* DATA BELOW
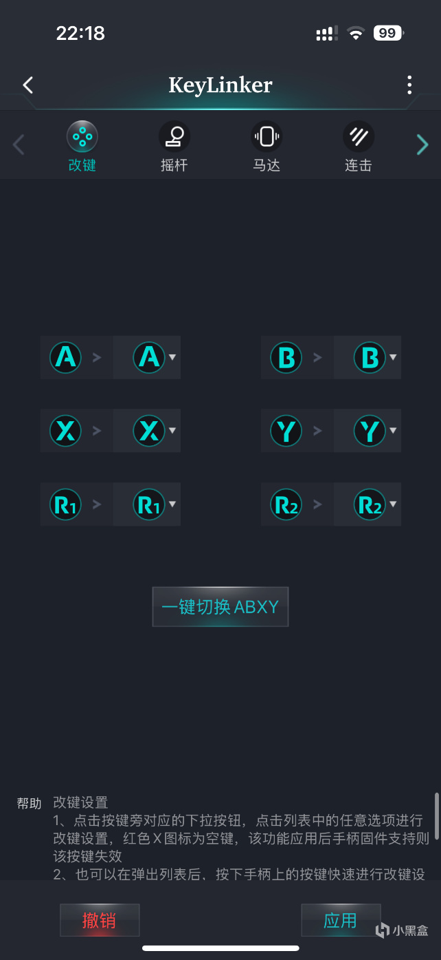除了Switch平臺外,J20騎士手柄也支持PC平臺,支持藍牙以及接收器連接,手柄的搖桿無線回報率爲125Hz。除此之外,手柄還支持APP連接,用APP對按鍵、搖桿、馬達、燈光等參數快速進行修改。
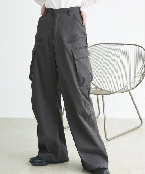 大人ルーズに着こなせるカーゴパンツゆるっとルーズなシルエットと絶妙なチャコールカラーで大人カジュアルなカーゴパンツ。ラフに穿けてこなれる、マストな1本です。■point・アクセントになる大きめポケットデザイン・ルーズなシルエットとウエストラインでスタイルアップ効果◎■detailメンズライクなゆったり感が今っぽい。シーズンレスで飽きのこないデザインです。■fabricさらっと肌触りの良い素材感………………………………伸縮性:あり透け感:なし裏地:なしポケットあり………………………………■coordinateショート丈トップスやコンパクトなシルエットのトップスと合わせるとスタイルアップ効果抜群。カラーアイテムと合わせてメリハリのあるコーデも◎洗濯表記【洗濯処理】水温40℃を限度に、手洗いができます【漂白処理】漂白できません【タンブル乾燥】タンブル乾燥禁止です【自然乾燥】日陰で、吊り干しします【アイロン仕上げ】120℃を限度に、アイロンが使えます【ドライクリーニング】石油系溶剤又はデカメチルペンタシクロシロキサンによる、弱いドライクリーニングができます【ウエットクリーニング】非常に弱い操作による、ウエットクリーニングができます【洗濯表記説明文】蛍光増白剤禁止 あて布使用Attention【お取り扱い上のご注意】この製品は非常にデリケートな生地を使用しております。そのため、激しい運動や強度な力が加われば縫い目が開いたり、目寄れ(織り糸が滑り目が開く)する性質があります。またベルトやバッグ、周囲の壁など、表面の粗いものとの摩擦による引っかかりにもご注意下さい。・濃色のものは染料の性質上、擦られると色移りすることがありますのでご注意下さい。・汗や雨で湿った場合、着用中の摩擦により他の物に色が移る場合があります。
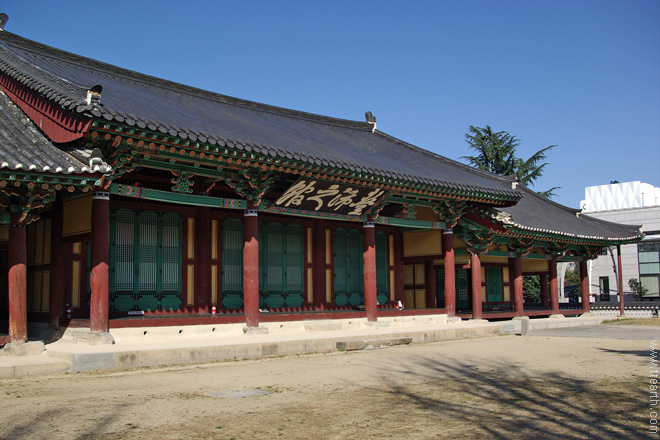 전주 객사는 현재 사진 왼쪽의 주된 건물과 오른쪽의 수직사 두 동만 남아 있다..
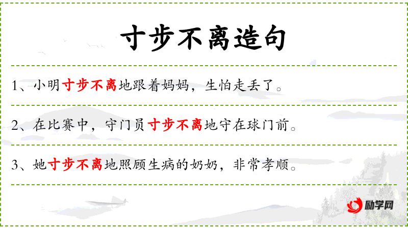 1. 【寸步不离】 寸步:形容距离很近。原指夫妻和睦,一步也不离开。现在泛指两人感情好,总在一起。

* TASK INSTRUCTIONS
Copy exactly the lines running from the line with "전주 객사는 현재 사진" to the final line of the listing, keeping both ends and dropping any picture.

* EXERCISE RESULT
 전주 객사는 현재 사진 왼쪽의 주된 건물과 오른쪽의 수직사 두 동만 남아 있다..
 1. 【寸步不离】 寸步:形容距离很近。原指夫妻和睦,一步也不离开。现在泛指两人感情好,总在一起。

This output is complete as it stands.